ID Cards : Big Brother Has Finally Arrived.


The deeply coercive proposals put forward by the patronising Home Secretary, Jacqui Smith, for the gradual implementation of the identity card scheme should cause national consternation. It will give the government powers over the individual more characteristic of a police state than a liberal democracy.

Everyone over the age of 16 living in the UK will be numbered, and have their personal details entered on the database. Your National Identity Registration Number (NIRN) will become the ‘key’ enabling government and private sector organisations to access information on the individual. Certain details,
such as name and address, become "registerable acts"

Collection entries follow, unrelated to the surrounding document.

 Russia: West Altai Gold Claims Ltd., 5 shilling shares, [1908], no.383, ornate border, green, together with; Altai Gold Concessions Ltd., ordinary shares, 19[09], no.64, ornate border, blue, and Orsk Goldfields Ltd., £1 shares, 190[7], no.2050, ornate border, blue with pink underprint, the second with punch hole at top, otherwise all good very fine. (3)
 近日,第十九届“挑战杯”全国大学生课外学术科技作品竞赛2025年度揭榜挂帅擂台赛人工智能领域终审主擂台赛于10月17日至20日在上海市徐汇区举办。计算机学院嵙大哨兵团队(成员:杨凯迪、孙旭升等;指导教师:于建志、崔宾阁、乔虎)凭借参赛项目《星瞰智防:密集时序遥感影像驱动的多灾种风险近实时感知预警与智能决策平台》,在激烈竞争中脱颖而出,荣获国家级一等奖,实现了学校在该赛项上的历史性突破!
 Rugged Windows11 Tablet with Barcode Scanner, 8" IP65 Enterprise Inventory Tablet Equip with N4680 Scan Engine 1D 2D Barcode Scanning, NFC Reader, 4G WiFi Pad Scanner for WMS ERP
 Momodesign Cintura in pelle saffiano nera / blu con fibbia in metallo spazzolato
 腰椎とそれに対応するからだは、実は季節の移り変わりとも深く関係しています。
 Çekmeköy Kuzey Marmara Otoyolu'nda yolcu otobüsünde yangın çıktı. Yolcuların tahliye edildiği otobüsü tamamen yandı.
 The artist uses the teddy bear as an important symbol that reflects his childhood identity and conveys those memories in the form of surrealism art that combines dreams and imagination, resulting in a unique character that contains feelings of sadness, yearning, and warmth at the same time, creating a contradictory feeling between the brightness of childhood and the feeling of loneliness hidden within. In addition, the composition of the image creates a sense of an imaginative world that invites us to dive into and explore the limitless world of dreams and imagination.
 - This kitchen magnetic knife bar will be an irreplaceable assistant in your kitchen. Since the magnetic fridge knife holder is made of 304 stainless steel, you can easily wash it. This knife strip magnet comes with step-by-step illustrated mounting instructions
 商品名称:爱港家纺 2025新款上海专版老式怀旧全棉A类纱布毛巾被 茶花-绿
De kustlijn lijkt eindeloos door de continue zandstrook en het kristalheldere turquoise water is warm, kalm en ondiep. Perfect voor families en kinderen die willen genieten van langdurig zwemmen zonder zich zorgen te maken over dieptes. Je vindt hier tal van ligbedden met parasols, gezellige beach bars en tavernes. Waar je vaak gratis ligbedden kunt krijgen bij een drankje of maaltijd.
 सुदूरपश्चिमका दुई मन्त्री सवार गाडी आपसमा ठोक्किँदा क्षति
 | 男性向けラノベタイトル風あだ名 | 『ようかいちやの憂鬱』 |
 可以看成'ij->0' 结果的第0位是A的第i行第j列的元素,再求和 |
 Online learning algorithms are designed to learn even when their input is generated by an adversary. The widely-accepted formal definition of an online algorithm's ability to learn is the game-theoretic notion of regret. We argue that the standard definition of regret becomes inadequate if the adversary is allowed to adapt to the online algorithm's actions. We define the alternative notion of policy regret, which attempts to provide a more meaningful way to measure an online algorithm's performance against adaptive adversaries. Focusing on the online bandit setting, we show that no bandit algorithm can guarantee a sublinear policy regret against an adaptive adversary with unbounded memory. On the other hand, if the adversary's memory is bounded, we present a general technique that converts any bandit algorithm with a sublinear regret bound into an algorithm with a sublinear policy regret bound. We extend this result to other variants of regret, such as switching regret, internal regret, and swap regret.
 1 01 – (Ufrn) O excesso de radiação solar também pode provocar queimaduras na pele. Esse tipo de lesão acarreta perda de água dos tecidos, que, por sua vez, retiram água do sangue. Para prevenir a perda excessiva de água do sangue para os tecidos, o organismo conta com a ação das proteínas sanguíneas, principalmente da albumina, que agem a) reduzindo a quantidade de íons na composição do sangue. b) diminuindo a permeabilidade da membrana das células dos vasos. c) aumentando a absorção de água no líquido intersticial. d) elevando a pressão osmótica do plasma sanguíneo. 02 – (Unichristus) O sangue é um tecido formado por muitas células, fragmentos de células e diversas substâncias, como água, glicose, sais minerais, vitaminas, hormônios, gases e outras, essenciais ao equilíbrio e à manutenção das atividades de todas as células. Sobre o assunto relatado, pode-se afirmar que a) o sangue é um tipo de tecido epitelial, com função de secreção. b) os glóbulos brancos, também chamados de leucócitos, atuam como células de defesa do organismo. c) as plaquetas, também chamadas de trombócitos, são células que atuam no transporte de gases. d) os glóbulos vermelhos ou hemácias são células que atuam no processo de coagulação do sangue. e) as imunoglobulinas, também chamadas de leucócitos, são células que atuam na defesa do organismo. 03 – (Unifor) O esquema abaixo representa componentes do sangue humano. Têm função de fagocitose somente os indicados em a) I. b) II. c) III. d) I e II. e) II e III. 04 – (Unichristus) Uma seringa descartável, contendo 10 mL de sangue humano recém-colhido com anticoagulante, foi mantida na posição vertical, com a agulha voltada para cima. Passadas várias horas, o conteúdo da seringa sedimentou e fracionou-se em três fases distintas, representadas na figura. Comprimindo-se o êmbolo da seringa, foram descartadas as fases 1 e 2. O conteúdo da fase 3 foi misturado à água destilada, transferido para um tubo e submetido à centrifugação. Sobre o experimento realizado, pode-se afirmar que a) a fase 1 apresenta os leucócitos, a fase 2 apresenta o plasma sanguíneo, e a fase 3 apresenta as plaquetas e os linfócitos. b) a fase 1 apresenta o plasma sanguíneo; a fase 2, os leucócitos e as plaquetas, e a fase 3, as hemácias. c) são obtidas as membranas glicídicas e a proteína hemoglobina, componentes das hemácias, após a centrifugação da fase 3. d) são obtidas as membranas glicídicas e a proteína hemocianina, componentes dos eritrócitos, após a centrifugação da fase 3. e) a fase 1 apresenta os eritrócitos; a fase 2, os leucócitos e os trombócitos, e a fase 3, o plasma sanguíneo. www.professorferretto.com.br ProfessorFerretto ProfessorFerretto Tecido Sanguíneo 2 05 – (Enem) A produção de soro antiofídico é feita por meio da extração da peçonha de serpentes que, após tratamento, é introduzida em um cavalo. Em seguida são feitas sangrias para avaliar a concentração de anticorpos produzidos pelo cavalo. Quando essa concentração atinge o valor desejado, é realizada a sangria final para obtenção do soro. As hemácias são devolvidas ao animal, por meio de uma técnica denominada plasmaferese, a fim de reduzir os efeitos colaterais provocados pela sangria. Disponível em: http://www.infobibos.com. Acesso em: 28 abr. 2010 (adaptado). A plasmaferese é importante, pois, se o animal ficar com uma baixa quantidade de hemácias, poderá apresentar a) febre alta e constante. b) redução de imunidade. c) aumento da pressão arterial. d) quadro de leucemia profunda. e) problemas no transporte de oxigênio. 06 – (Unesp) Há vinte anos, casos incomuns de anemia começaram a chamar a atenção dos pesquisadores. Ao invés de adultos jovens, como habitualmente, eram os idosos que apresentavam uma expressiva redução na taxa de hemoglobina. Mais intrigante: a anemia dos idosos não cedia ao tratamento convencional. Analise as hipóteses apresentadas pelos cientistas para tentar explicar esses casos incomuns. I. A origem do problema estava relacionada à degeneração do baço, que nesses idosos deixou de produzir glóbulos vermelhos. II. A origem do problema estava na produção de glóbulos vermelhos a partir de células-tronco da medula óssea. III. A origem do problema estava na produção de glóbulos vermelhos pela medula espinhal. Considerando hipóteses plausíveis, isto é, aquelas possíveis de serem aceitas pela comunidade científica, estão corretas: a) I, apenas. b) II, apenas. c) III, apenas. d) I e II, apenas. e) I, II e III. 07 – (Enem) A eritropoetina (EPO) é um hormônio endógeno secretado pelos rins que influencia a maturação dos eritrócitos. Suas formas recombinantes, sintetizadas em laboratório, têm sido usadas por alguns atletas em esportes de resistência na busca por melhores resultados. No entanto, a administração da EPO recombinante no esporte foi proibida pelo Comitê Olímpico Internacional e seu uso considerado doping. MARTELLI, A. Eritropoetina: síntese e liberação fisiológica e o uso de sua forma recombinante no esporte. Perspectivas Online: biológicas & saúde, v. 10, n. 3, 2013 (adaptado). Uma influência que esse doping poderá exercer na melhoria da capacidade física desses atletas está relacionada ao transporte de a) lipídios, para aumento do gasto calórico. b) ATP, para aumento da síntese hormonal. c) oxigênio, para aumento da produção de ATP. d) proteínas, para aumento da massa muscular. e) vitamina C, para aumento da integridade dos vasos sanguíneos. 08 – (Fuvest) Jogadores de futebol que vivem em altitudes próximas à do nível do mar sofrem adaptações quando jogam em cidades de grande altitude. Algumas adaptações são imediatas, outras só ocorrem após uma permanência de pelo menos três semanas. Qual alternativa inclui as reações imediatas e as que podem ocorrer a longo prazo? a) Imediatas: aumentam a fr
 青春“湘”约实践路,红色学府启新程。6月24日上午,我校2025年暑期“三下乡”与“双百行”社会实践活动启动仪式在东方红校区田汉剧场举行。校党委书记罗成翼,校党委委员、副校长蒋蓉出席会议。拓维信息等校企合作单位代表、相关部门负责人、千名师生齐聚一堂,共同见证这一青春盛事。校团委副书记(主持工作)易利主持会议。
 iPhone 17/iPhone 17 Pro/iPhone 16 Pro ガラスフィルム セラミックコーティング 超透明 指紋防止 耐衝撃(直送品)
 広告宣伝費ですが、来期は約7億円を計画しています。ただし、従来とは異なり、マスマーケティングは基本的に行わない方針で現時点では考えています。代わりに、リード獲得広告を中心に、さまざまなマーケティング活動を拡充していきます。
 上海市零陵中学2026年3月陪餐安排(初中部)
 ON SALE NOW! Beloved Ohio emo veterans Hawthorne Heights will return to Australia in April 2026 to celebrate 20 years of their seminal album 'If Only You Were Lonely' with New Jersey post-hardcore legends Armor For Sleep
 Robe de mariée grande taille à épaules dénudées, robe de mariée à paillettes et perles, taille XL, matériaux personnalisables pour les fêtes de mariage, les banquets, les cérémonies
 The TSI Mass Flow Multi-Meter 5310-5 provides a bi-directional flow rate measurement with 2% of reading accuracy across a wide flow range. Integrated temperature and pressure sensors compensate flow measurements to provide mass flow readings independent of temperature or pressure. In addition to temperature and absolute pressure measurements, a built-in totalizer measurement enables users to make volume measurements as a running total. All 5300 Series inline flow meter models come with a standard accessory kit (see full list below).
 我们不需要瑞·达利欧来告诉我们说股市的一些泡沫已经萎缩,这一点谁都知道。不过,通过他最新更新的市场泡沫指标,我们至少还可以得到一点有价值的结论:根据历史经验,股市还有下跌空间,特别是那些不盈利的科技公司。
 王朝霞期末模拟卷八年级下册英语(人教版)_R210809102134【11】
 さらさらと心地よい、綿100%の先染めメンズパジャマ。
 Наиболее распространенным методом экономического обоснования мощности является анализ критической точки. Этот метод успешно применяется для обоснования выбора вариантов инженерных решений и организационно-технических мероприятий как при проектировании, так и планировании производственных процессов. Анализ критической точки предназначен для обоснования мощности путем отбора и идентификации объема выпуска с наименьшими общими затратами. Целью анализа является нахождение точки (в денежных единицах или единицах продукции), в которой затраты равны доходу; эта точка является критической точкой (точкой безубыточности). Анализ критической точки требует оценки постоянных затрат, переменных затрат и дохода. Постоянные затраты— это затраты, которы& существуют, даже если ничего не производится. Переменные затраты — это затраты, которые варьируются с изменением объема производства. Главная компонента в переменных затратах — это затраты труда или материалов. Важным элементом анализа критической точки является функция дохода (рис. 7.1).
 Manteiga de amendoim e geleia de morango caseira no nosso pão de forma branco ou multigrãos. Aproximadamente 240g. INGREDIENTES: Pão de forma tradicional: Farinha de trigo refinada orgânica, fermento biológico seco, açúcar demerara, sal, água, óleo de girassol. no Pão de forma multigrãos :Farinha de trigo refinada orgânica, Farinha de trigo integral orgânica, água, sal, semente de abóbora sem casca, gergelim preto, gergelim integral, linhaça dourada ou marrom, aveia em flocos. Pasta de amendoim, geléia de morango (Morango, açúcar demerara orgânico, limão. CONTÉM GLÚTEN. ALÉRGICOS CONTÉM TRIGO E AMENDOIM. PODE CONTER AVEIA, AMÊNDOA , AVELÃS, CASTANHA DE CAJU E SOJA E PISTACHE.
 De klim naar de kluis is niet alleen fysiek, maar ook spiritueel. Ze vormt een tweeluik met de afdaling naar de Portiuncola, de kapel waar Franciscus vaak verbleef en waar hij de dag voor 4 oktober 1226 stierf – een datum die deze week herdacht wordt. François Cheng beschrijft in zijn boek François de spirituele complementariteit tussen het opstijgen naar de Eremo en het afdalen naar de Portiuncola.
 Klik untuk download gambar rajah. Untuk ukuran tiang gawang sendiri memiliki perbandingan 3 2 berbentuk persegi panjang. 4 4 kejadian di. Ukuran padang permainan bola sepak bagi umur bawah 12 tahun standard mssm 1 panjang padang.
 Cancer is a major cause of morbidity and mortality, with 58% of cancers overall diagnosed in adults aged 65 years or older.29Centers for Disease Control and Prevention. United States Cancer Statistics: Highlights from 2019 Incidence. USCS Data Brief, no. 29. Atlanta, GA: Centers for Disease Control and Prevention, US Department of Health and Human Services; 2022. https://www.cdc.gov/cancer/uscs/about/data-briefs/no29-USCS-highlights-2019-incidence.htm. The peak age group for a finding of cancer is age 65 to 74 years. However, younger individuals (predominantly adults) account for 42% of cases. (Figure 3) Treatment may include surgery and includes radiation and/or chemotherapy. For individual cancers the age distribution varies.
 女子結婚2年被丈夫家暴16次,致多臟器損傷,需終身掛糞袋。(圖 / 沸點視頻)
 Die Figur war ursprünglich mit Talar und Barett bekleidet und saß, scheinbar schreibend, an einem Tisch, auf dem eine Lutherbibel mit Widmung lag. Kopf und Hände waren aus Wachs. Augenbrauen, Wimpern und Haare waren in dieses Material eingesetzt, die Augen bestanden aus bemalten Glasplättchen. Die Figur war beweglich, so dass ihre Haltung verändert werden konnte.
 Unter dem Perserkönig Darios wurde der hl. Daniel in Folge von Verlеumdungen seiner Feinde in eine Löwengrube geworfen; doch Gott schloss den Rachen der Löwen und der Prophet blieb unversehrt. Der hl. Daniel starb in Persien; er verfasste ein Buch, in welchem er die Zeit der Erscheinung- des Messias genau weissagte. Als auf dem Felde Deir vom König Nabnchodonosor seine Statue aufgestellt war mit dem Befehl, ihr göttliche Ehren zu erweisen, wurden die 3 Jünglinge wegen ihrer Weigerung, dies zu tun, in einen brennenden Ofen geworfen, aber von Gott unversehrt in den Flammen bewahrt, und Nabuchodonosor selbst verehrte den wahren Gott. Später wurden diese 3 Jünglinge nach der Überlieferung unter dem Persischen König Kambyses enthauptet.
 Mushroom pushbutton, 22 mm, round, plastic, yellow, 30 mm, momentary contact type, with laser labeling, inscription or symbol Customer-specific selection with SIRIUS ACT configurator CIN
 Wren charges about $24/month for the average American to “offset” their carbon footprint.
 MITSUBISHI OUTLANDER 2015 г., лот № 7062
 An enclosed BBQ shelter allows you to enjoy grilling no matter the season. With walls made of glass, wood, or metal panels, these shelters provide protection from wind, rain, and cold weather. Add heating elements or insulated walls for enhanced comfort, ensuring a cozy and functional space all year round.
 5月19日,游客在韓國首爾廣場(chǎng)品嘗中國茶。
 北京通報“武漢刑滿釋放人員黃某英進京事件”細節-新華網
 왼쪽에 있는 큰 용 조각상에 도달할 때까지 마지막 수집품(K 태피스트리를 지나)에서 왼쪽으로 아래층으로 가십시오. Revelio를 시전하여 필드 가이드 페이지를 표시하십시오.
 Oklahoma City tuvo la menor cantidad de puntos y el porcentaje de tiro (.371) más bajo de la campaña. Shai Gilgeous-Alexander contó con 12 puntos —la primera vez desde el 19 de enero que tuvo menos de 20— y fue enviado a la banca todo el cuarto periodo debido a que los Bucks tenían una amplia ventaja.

which you are compelled to disclose to the authorities. You must also notify them of any changes. You will be photographed, fingerprinted and have your eyes scanned for iris recognition. The card will carry a photograph and details about you contained on a computer chip. A national scanner network and a new secure infrastructure will be required to read the chip on the card and check your details against the central database. Use of the system by the private and public sectors will deliberately make life without a card increasingly difficult. Government will strongly encourage organisations to use your NIRN to identify your file in any records they keep, enabling the government to track individuals in any database such as banking records and credit vetting organisations, not to mention voting patterns. Once take up has reached the required level the Government will make the cards mandatory.

Data-sharing between organisations on an unprecedented scale will render personal privacy obsolete. The register will contain all the official numbers used to identify individuals in different systems: taxation, national insurance, NHS. Participating agencies will be required to notify the National Information Register of changes to a person’s details. The Home Office will disclose details about you from the register to other agencies without your consent.

The proposals establish a number of new crimes to ensure that people will be forced to comply. Failure to notify authorities of a lost, stolen, damaged or defective card will become a crime. Failure to renew a card or to submit to fingerprinting or iris scanning will also be illegal. So will failure to provide information demanded by the government. You will have to attend an interview at a specified place and time and if you don’t notify the Secretary of State of any change in your personal circumstances or to obey an order to register you will be heavily fined . Penalties range from a £1,000 fine to two years imprisonment. A penalty of up to £2,500 can be levied for failure to attend an appointment for a fingerprint or iris scan. This fine can be repeated for every subsequent failure
to attend.

There are 50 categories of information required for the NIR. These include: name, and any other names by which you have been known. Your place of birth, address, and previous addresses, in the UK and outside, along with your photograph, fingerprints, ‘other’ biometric information. your signature, Registration Number, and the numbers of other registration documents (national insurance; passport; driving licence; any designated document which contains a number).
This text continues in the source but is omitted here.